Alexander Graham Bell spurred a boom on copper consumption when, on this date in 1915, he placed the first transcontinental phone call, from New York to San Francisco, where the Panama–Pacific International Exposition celebrations were underway and his assistant, his assistant Thomas Augustus Watson stood by. Bell repeated his famous first telephonic words, “Mr. Watson, come here. I want you,” to which Watson this time replied “It will take me five days to get there now!” Bell’s call officially initiated AT&T’s transcontinental service.

A sepia-toned historical photograph of a panel of seven men seated at a long table, dressed in formal attire, with a dignified backdrop featuring dark curtains and a portrait hanging above. The setting appears to be a formal meeting or assembly, likely from the early 20th century.
Alexander Graham Bell, about to call San Francisco from New York. (source)

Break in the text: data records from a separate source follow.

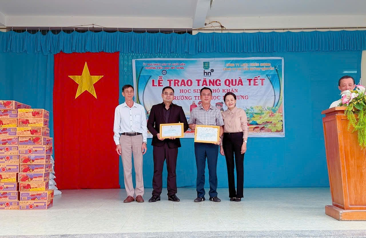 Tham dự buổi trao quà có Luật sư, Thạc sĩ Lê Kiên Lương - Giám đốc Công ty Luật Thiên Hương; Luật sư Huỳnh Bảo Long - Giám đốc Công ty Tư vấn Huỳnh Nguyễn, cùng tập thể Luật sư và nhân viên của hai công ty. Về phía địa phương và nhà trường có đại diện Ban Giám hiệu Trường Tiểu học Mỹ Hưng, bà Hồng Nhung - Phó chủ tịch UBND xã Quới Điền.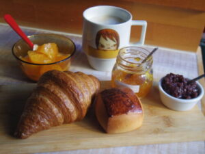 おうちパンのクロワッサンとミルクパン、オレンジヨーグルト。自家製の粒あんとウィスキーマーマレードを添えて、飲み物はカフェラテ。おうちパンのミルクパンは初めてだったけど、美味しかったのでまた買うと思う。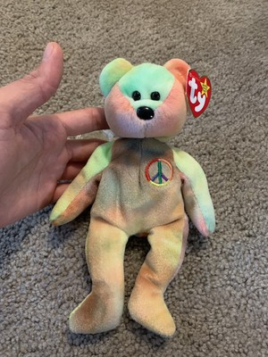 TY Beanie Baby PEACE BEAR. Great deals on Peace Bear Beanie Baby. Symbols of peace and love abound. The Appraiser can help. I have a peace beanie baby and I need an appraisal. TY Peace Beanie Baby Bears Birthday February 1 1996 Hippie Theme Grateful Dead Peace Peace Sign Love Multi Color Beanie Babies Peace sign multi-color TY Beanie Baby Bears Birthday February 1 1996 Great condition The two bears shown together do not have tags but all the other bears do have. Dotty the dog dob.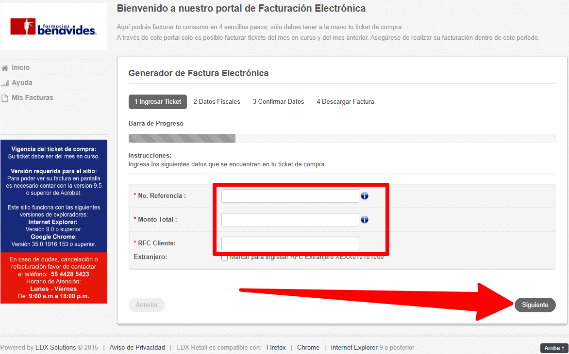 Ejemplo practico de como llenar el formulario del sistema para facturar Farmacias Benavides: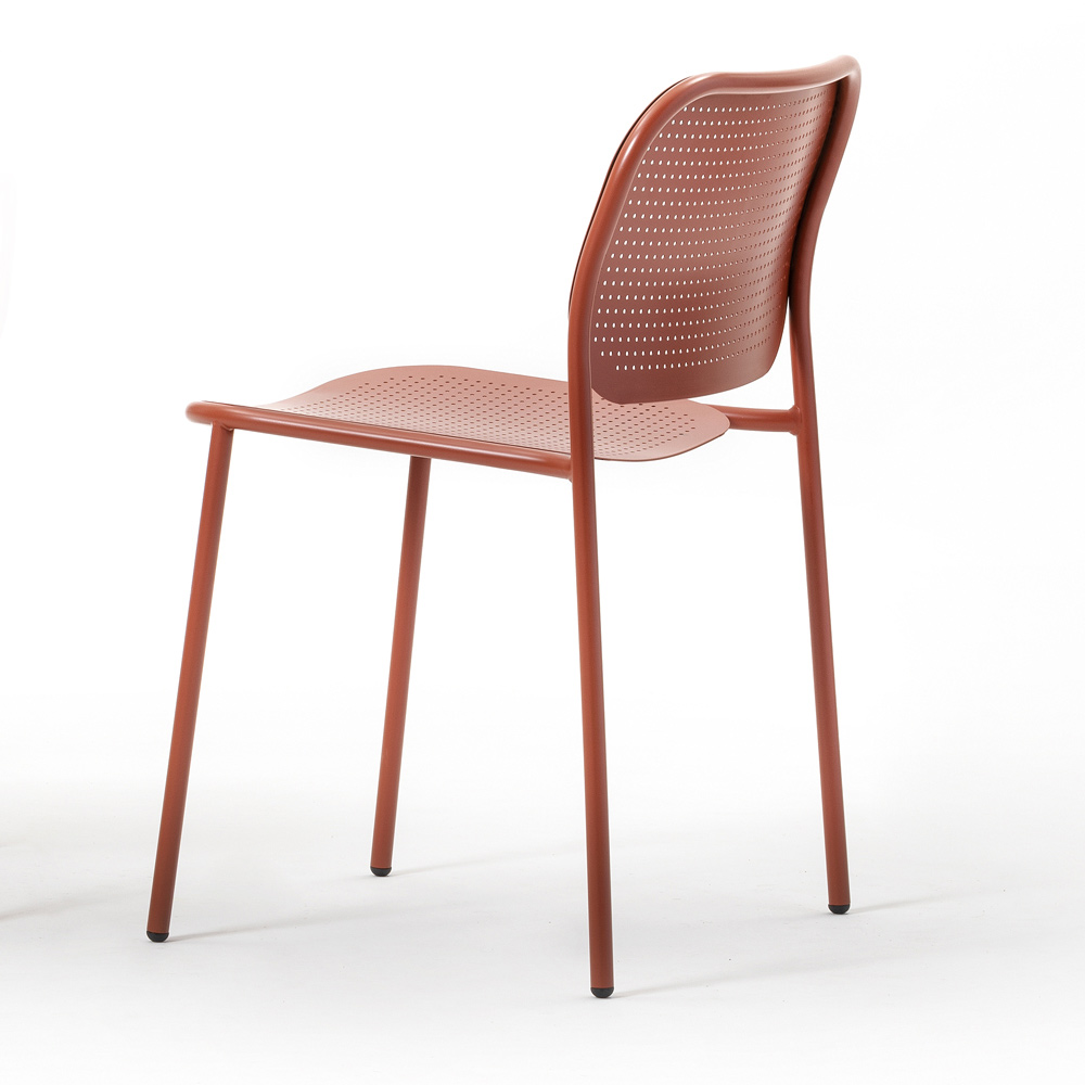 Gartenstuhl mit Struktur aus lackiertem Metallrohr, ergänzt durch Sitz und Rückenlehne aus perforiertem Blech , ein Effekt, der das klassische Wiener Geflecht in einem zeitgenössischen Schlüssel wieder aufgreift. Ein Möbelstück, das aus einem 100% Made in Italy-Produktionsprozess durch die Verwendung hochwertiger Rohstoffe stammt , die ein solides und widerstandsfähiges Ergebnis bieten.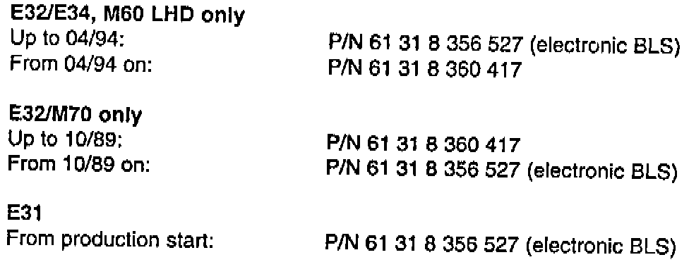 3 Series (E30) (E36); 5 Series (E34); 7 Series (E32); 8 Series (E31)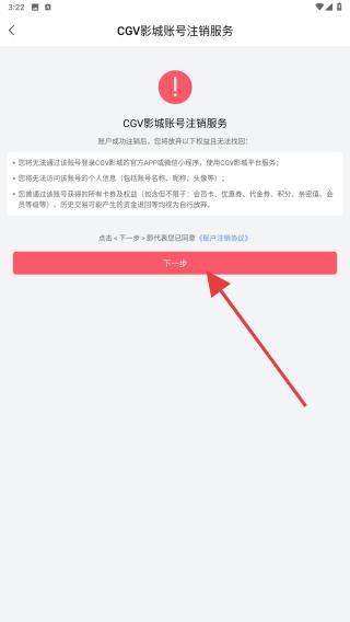 3、根据提示仔细阅读账号注销服务,点击下一步。
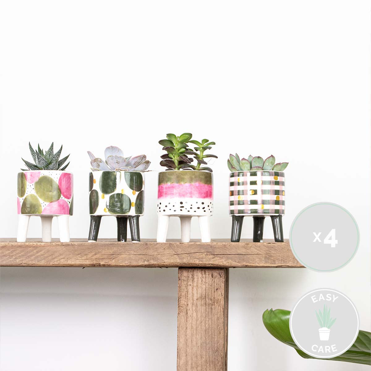 - ROZE EN GROENE POTJES: Deze set succulenten wordt geleverd in verschillende roze en groene potjes. Een leuke toevoeging voor ieder interieur!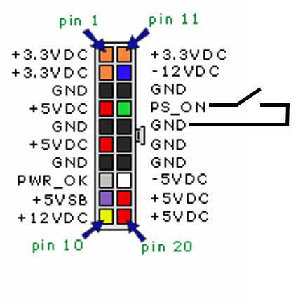 Prima di passare alla fase successiva bisogna cortocircuitare a massa il PS_ON altrimenti l'alimentatore non si avvia. E' un cavetto di colore verde.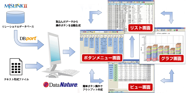 「MJSLINKII販売大将」のリレーショナル・データベースから、直接、データ活用に必要な最新データを抽出して(*)、「DataNature」へ自動的に展開することで、見たいデータを自由に検索・分析、定型のアウトプット(集計表・グラフなど)の確認をする事ができます。

And, on this date 45 years later, in 1959, the aluminum market got a boost when the first non-stop transcontinental commercial jet trip was made by an American Airlines Boeing 707, from Los Angeles to New York. The sleek silver plane made the flight in airline official time of 4 hours and 3 minutes, half the usual scheduled time for the prop-driven DC- 7Cs then in regular use on that route.

A vintage jet airliner flying above the clouds, featuring a silver and orange color scheme.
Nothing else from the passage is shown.